C'est grâce au langage qu'on peut parler de l'homme pensant.
Dans les rapports intersubjectifs, le langage articulé joue un rôle de
premier plan dans l'expression et la communication. Il s'agit du rôle
ontologique du langage.
Les anciens, comme Platon, s'interrogent sur la nature du
langage et s'intéressent au rapport entre langage et nature. Pour Platon,
le langage est une création qui découle de l'essence des choses. Mieux
que Platon, les stoïciens notamment, Sextus Empiricus et Diogène
Laërce, ont porté leur attention sur le langage en marquant l'opposition
entre signification (Semainon) et signifié (Semainomenon).
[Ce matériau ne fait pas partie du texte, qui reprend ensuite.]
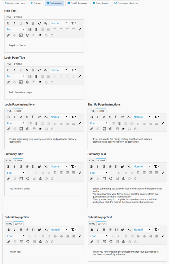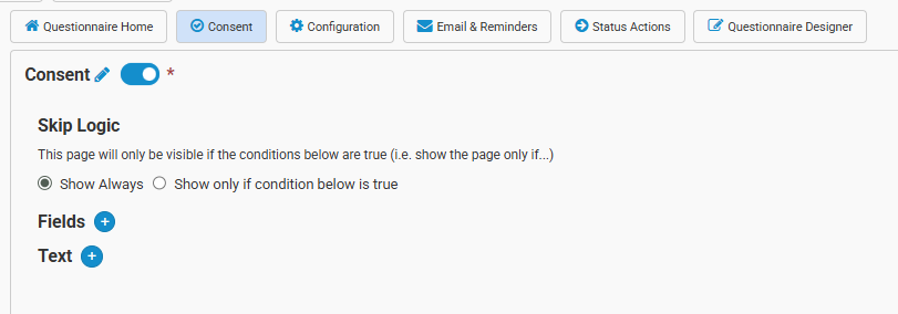 Consent Configuration: The consent section can be toggled on or off for each questionnaire
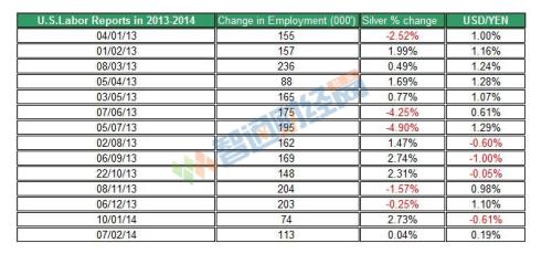 白銀價格走勢改變了方向并且在上個周開始出現(xiàn)下跌。那么白銀市場短期會出現(xiàn)什么樣的情況呢?讓我們來看一下最近可能會對白銀價格產(chǎn)生影響的新聞。 最近白銀價格的下跌反應(yīng)了在白銀ETFs中需求的下降,例如:白銀信托。在上個周,白銀信托價格下降了3個百分點。白銀相關(guān)方面的投資例如Silver Wheaton (SLW)同樣在上周下跌了1.2個百分點。著眼未來,美元的上漲,黃金價格還有美國經(jīng)濟的發(fā)展都可能會對白銀的價格產(chǎn)生影響。讓我們進一步探討一下這些問題吧。 這周美國非農(nóng)就業(yè)數(shù)據(jù)將會發(fā)布。這些報告似乎對白銀價格短期會產(chǎn)生影響。在前一份報告中,只有111300份工作在一月份被創(chuàng)造,而這一數(shù)據(jù)是在預(yù)測的數(shù)據(jù)之下。下表顯示的就是白銀價格的變化還有美元兌日元以及就業(yè)方面增長的關(guān)系。
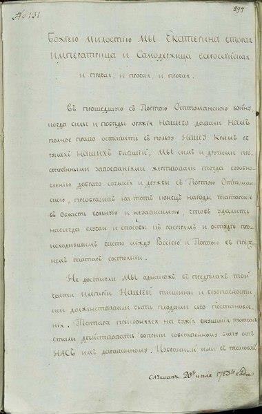 Свѣту извѣстно, что имѣвъ со стороны НАШЕЙ толь справедливыя причины не одинъ разъ вводить войски НАШИ въ Татарскую область, доколѣ интересы Государства НАШЕГО могли согласовать съ надеждою лучшаго, не присвояли МЫ тамъ себѣ начальства, ниже отмстили, или наказали Татаръ, дѣйствовавшихъ непріятельски противъ воинства НАШЕГО, поборствовавшаго по благонамѣреннымъ въ утушеніе вредныхъ волнованій.
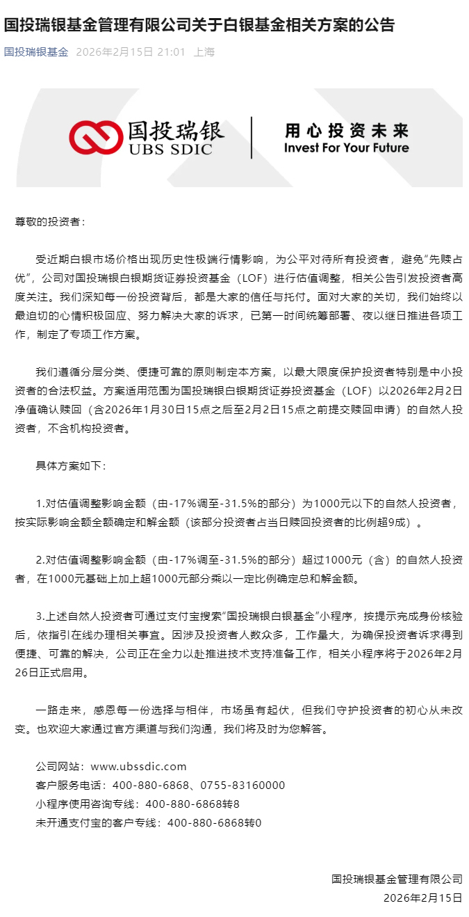事件概述 - 国投瑞银基金于2月15日晚间发布公告,针对旗下国投瑞银白银期货证券投资基金(LOF)因估值调整而受损的投资者,提出了具体的补偿方案 [1] - 此次事件源于1月30日贵金属市场的史诗级暴跌,现货白银价格盘中一度暴跌35.89%,收盘跌26.42% [4] - 为应对极端行情并公平对待投资者,国投瑞银基金于2月2日起对该基金净值依据国际市场价格进行重估,导致基金净值在2月2日单日暴跌31.50%,创下公募基金行业罕见的回撤纪录 [5] 补偿方案细节 - 对估值调整影响金额(由-17%调至-31.5%的部分)在1000元以下的自然人投资者,按实际影响金额全额确定和解金额,该部分投资者占当日赎回投资者的比例超过九成 [4] - 对估值调整影响金额超过1000元(含)的自然人投资者,和解金额为在1000元基础上,加上超出1000元部分乘以一定比例来确定 [4] - 相关自然人投资者可通过支付宝小程序“国投瑞银白银基金”办理补偿事宜,该小程序将于2026年2月26日正式启用 [4] 基金净值波动与估值调整 - 国投白银LOF在1月30日现货白银暴跌26.42%的当日,基金净值仅下跌0.72% [4] - 2月2日,公司宣布基金净值将依据国际主要市场价格波动进行重估,此举实质上突破了国内期货的涨跌停板限制 [5] - 受此影响,该基金单位净值在2月2日从3.2838元跌至2.2494元,单日跌幅达31.50% [5][6] - 估值调整后,基金净值在2月3日反弹3.31%,2月4日反弹8.05%,2月5日再次下跌4.12% [6] 市场争议与公司回应 - 估值调整在投资者中引发争议,部分投资者质疑管理人未提前公告便采用新估值方法并追溯适用,导致其承担了超出预期的损失 [7] - 有投资者认为“上涨时按上期所结算净值,下跌时自己估值”的做法不合理 [7] - 国投瑞银基金在2月3日回应称,若提前公告担心被解读为有意引导投资者不要赎回,可能引发市场恐慌和挤兑 [7] - 公司在2月15日公告中表示,估值调整是为避免“先赎占优”,公平对待所有投资者,并已制定专项工作方案以保护投资者合法权益 [8]

Les
stoïciens préfigurent la linguistique et ouvrent une longue tradition
grammaticale.
Cependant, dans cette situation de langage, mieux dans la
totalité de notre expérience, se pose un problème de "la
compréhension" du langage: tel est le problème philosophique qui
attire notre attention dans cet article. Qu'est ce qui peut faire obstacle à
la compréhension dans un acte de langage et entraîner des
malentendus? En outre, quand pouvons nous affirmer qu'il ya
compréhension dans un acte de langage? C'est à ces deux
interrogations que Wittgenstein tente de répondre à travers son
ouvrage " les investigations philosophiques" (L. WITTGENSTEIN,
1961), afin d'identifier l'environnement de la compréhension et de
chercher à s’échapper à ce que nous disons lors que surgit une
contradiction (je ne l'ai pas entendu ainsi).
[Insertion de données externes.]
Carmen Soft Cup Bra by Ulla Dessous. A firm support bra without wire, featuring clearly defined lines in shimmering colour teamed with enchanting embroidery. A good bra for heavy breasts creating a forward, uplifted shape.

De ce qui précède, notre investigation suivra une progression
analytique qui nous conduira vers la conception wittgensteinienne du
langage contenu dans ses deux moments de pensée. En effet, plusieurs
philosophes, de Francis Bacon à Carnap, en passant par Locke,
Leibniz, dénoncent l'inadéquation du langage quotidien et l'abus des
mots. Plusieurs autres, prenant le contre-pied, reposent leur espoir sur
une analyse minutieuse du langage ordinaire pour accéder à des
connaissances incluses dans son usage. C’est justement ce qu'on
appelle la philosophie du langage ordinaire, née de la seconde
philosophie de Wittgenstein et de la critique de Russel par Strawson.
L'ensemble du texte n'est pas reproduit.